Re: Problems with "pg.dropped" column after upgrade 9.5 to 9.6

От
Michael Paquier
Дата:
On Wed, Nov 2, 2016 at 3:32 PM, Pavel Stehule <pavel.stehule@gmail.com> wro=
te:
> 2016-11-01 22:56 GMT+01:00 Pavel Han=C3=A1k <hanak@is-it.eu>:
>> Can anybody explain what is the problem?
>
> please, can you send test case - I cannot to reproduce this bug on master=
.

I can reproduce the regression on master and 9.6:
DROP TABLE aa;
CREATE TABLE aa (a int, b int, c int);
CREATE OR REPLACE FUNCTION _test_sql_update(in do_update boolean)
    RETURNS VOID LANGUAGE sql VOLATILE AS $$
          update aa
           set a =3D NULL
          where do_update;
    $$;
INSERT INTO aa VALUES (generate_series(1,1,1));
INSERT INTO aa VALUES (generate_series(2,1,1));
INSERT INTO aa VALUES (generate_series(3,1,1));
ALTER TABLE aa DROP COLUMN b;
SELECT _test_sql_update(false);
SELECT _test_sql_update(true);

I am just digging into it... An interesting part is that removing the
WHERE clause makes the regression go away.
--=20
Michael

Re: Problems with "pg.dropped" column after upgrade 9.5 to 9.6

От
Michael Paquier
Дата:
On Wed, Nov 2, 2016 at 3:54 PM, Michael Paquier
<michael.paquier@gmail.com> wrote:
> I am just digging into it... An interesting part is that removing the
> WHERE clause makes the regression go away.

And one bisect later:
commit: 3fc6e2d7f5b652b417fa6937c34de2438d60fa9f
author: Tom Lane <tgl@sss.pgh.pa.us>
date: Mon, 7 Mar 2016 15:58:22 -0500
Make the upper part of the planner work by generating and comparing Paths

In short, that's going to be fun to create a patch...
--
Michael

Re: Problems with "pg.dropped" column after upgrade 9.5 to 9.6

От
Tom Lane
Дата:
Michael Paquier <michael.paquier@gmail.com> writes:
> And one bisect later:
> commit: 3fc6e2d7f5b652b417fa6937c34de2438d60fa9f
> author: Tom Lane <tgl@sss.pgh.pa.us>
> date: Mon, 7 Mar 2016 15:58:22 -0500
> Make the upper part of the planner work by generating and comparing Paths

Yeah.  The reimplementation I did in createplan.c causes the planner to
generate a targetlist that seems valid in practice, but doesn't pass the
rather simplistic test in ExecCheckPlanOutput.  (The latter is expecting
a simple null Const corresponding to a dropped column, but what it's
getting is a Var that references a null Const one plan level down.)
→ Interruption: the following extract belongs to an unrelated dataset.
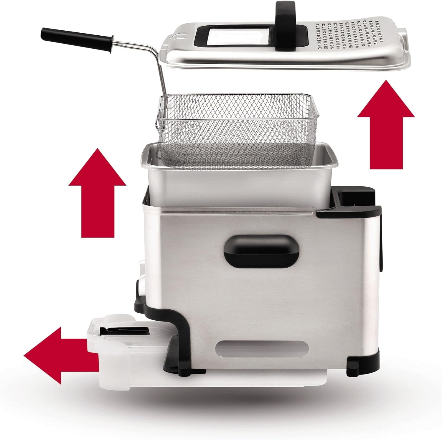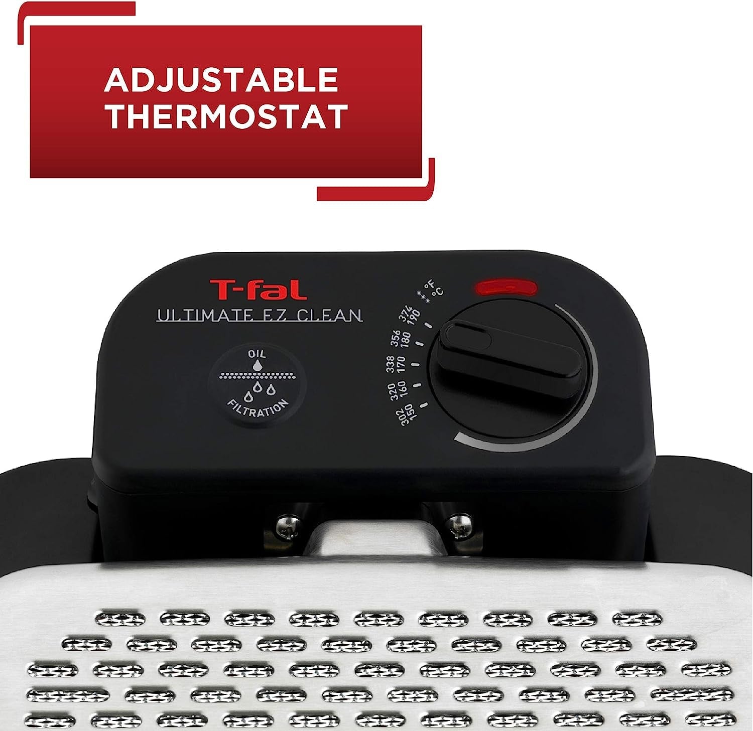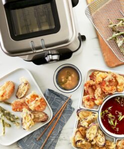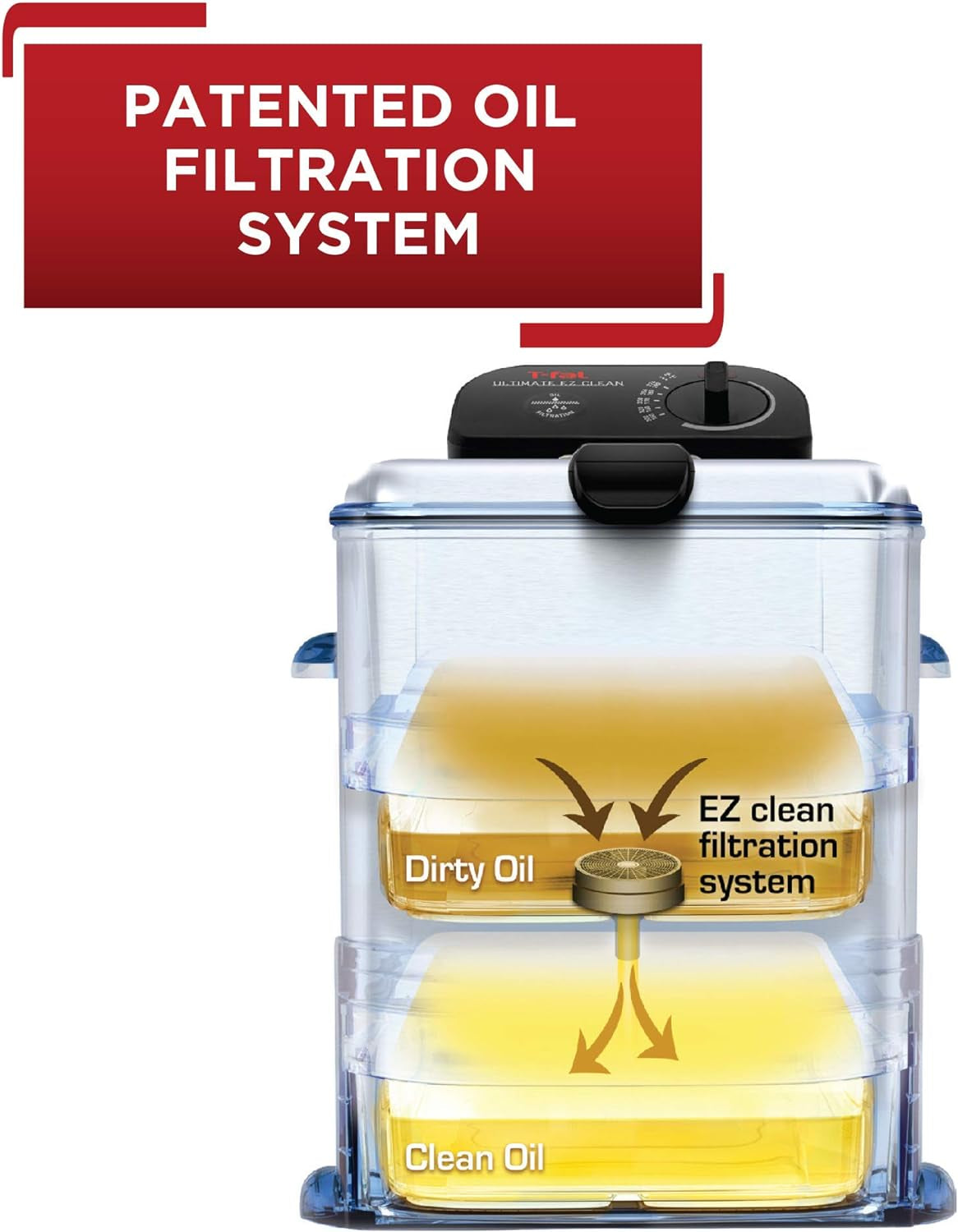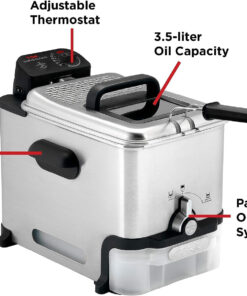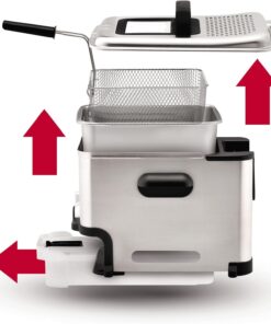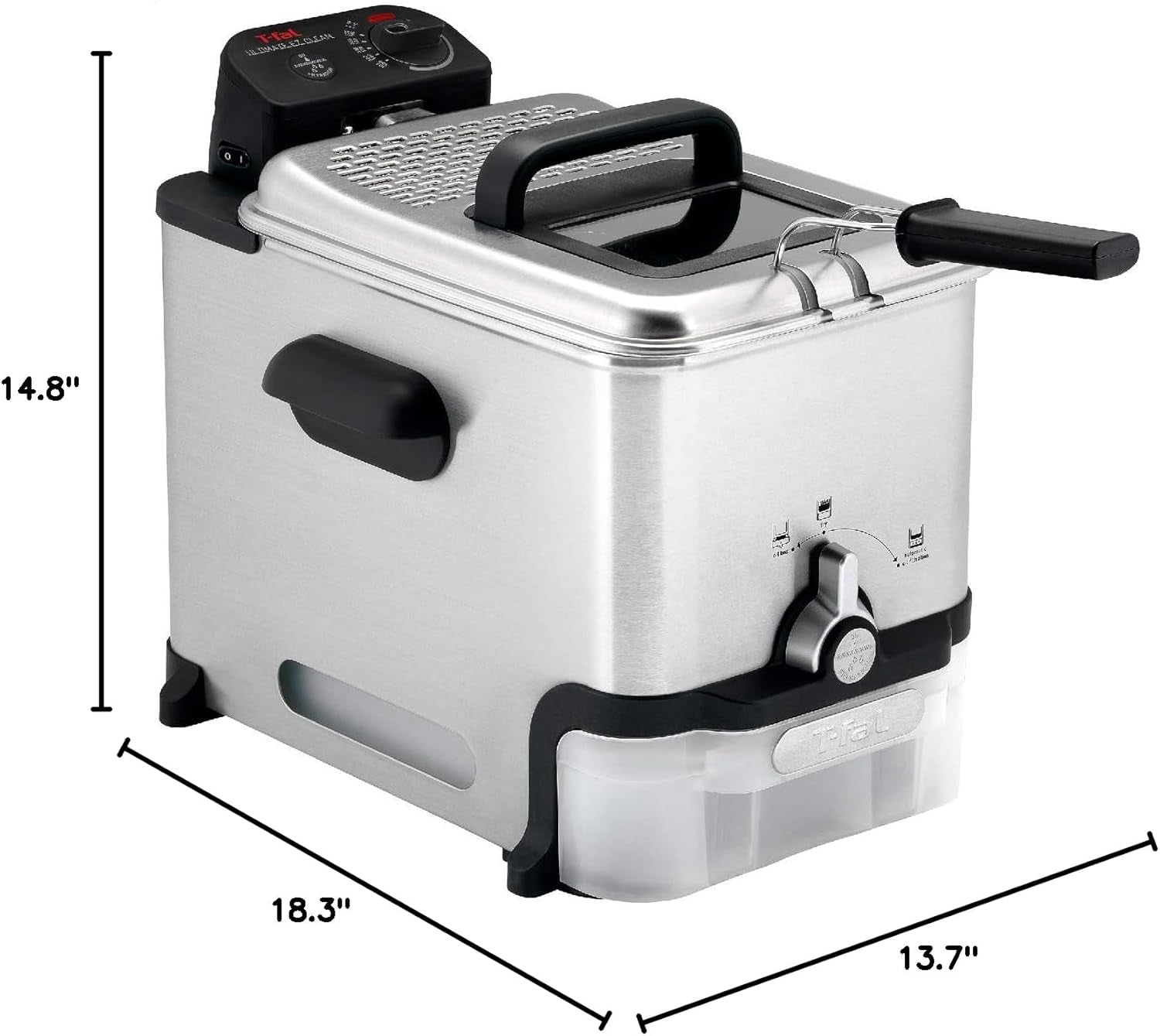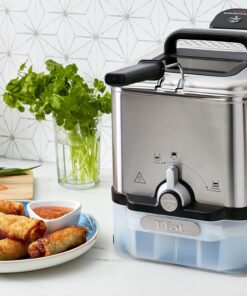 Elevate your home cooking with the T-fal 3.5L Stainless Steel Deep Fryer. bringing restaurant-quality fried foods to your kitchen. This innovative appliance combines advanced technology with user-friendly features. perfect for culinary enthusiasts. The heart of this fryer is its state-of-the-art oil filtration system. This patented technology automatically filters and stores oil in a sealed container after each use. ensuring easy cleanup and cost savings through oil reusability. With a generous 3.5-liter oil capacity and ability to handle up to 2.65 pounds of food. this fryer is ideal for family dinners or entertaining guests. Whether you’re making crispy french fries. golden onion rings. or perfectly battered fish. this fryer delivers. Precision cooking is achieved through the adjustable thermostat. with temperature control ranging from 300F to 375F. The powerful 1700-watt heating element ensures quick oil recovery time. resulting in evenly cooked food with a crispy exterior and tender interior. Safety features include a secure locking lid to prevent oil splatter. a large viewing window for easy monitoring. cool-touch handles for safe handling. and an automatic shut-off function for peace of mind. Cleanup is effortless with dishwasher-safe components. including the removable cooking basket. bowl. lid. and oil box. The sleek stainless steel exterior not only looks great but ensures durability and longevity. For best results. we recommend using unsaturated vegetable oil. This type of oil produces excellent frying results and aligns with healthier cooking practices. Whether you’re a seasoned chef or a cooking novice. the T-fal deep fryer simplifies the art of deep frying. Its combination of advanced features. safety measures. and easy maintenance makes it invaluable for creating delicious. crispy treats at home.

Not sure whether it's reasonable to make the planner jump through extra
hoops here, or complicate the null-for-dropped-cols test in
ExecCheckPlanOutput, or just delete that as not really needed.

            regards, tom lane

Re: Problems with "pg.dropped" column after upgrade 9.5 to 9.6

От
Tom Lane
Дата:
Michael Paquier <michael.paquier@gmail.com> writes:
> I can reproduce the regression on master and 9.6:
> DROP TABLE aa;
> CREATE TABLE aa (a int, b int, c int);
> CREATE OR REPLACE FUNCTION _test_sql_update(in do_update boolean)
>     RETURNS VOID LANGUAGE sql VOLATILE AS $$
>           update aa
>            set a = NULL
>           where do_update;
>     $$;
> ALTER TABLE aa DROP COLUMN b;

OK, I looked into this enough to identify exactly where it broke.
The targetlist as set up by preptlist.c looks like

    null Const    -- value being assigned to a
    null Const    -- placeholder for dropped b column
    Var for c    -- to copy updated row's previous c value forward
    Var for ctid    -- since ModifyTable will need the row TID (resjunk)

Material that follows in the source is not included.